Carl Heinrich Pfänder (15 February 1819 – 11 March 1876) was a German portrait painter and revolutionary who was part of the circle of Karl Marx and Friedrich Engels in London.

== Biography ==
Pfänder was born in Heilbronn, the third child of master cooper Jakob Andreas Pfänder (1785–1852) and Johanna Friederike née Künzel (1785–1864). William Pfaender, who emigrated to the United States and became Minnesota State Treasurer, was his brother. He entered the Munich Academy in 1840 to study painting, but by 1842 had left. No paintings survive that can be attributed to him with certainty.
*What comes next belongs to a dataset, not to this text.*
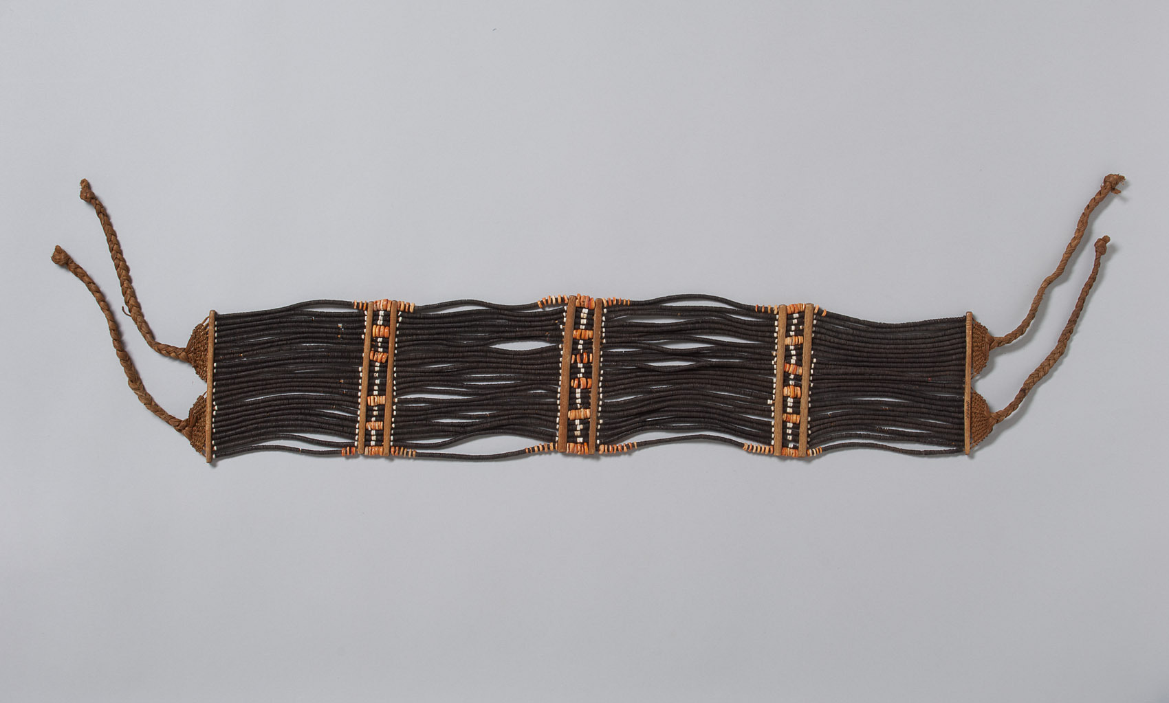 Slices of coconut shell, spondylus shell and cone shell, wood, coconut fibre
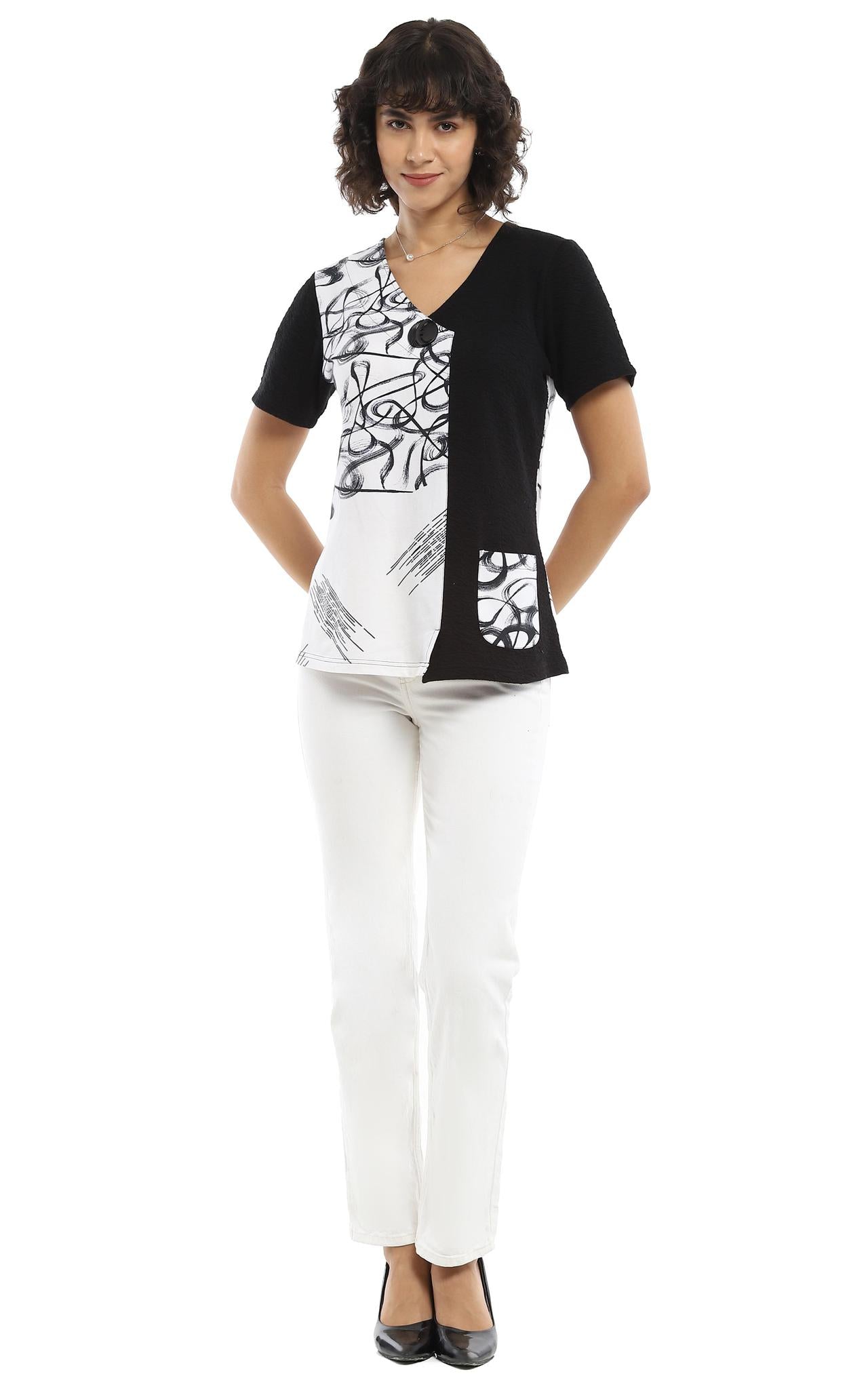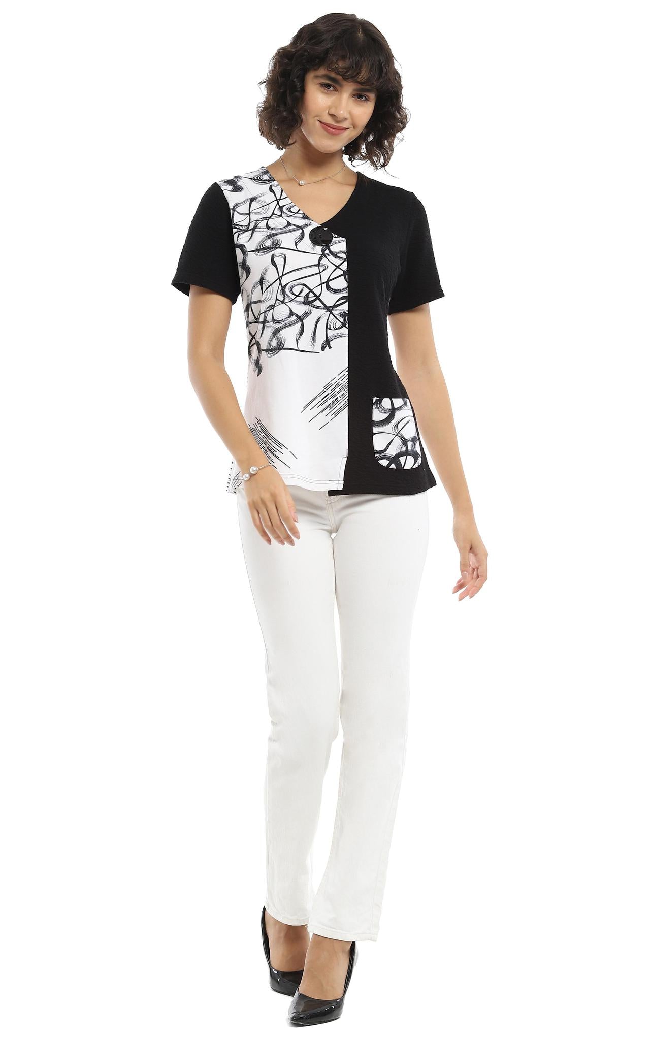 Parsley & Sage Black & White Asymmetrical Knit Top

In 1844 he was in London, where he later settled and worked painting miniatures and decoration. On 10 April 1845, he married Caroline Louise Ruckwied (1820–1889) from Großbottwar in St. Kilian's Church in Heilbronn, returning with her to London. They first lived in Soho, near Karl Marx, and later moved to Camden Town; they had six children, Charles (1846–1902), Caroline (1847–1873), Henry (1849–1850), Emma (1851–1931), Henry William (born 1852) and Henriette (1855–1881). Victoria Beckham, the singer, fashion designer, television personality and Spice Girl, is his great-great-great-granddaughter.

Pfänder died in London of tuberculosis in 1879, and was buried at Highgate Cemetery in the West Cemetery. As of 2003 his grave could not be located.

== Political activities ==
In London in 1845, Pfänder took part in meetings of the German Workers Educational Association and soon also became a member of the League of the Just; he was on its leadership committee in 1847, when Marx and Engels joined it and spearheaded its transformation into the Communist League. Beginning in April 1848 Pfänder headed the London Communist League together with Heinrich Bauer and Johann Eccarius, and in August of the same year he and Bauer also became trustees of the Workers Educational Association.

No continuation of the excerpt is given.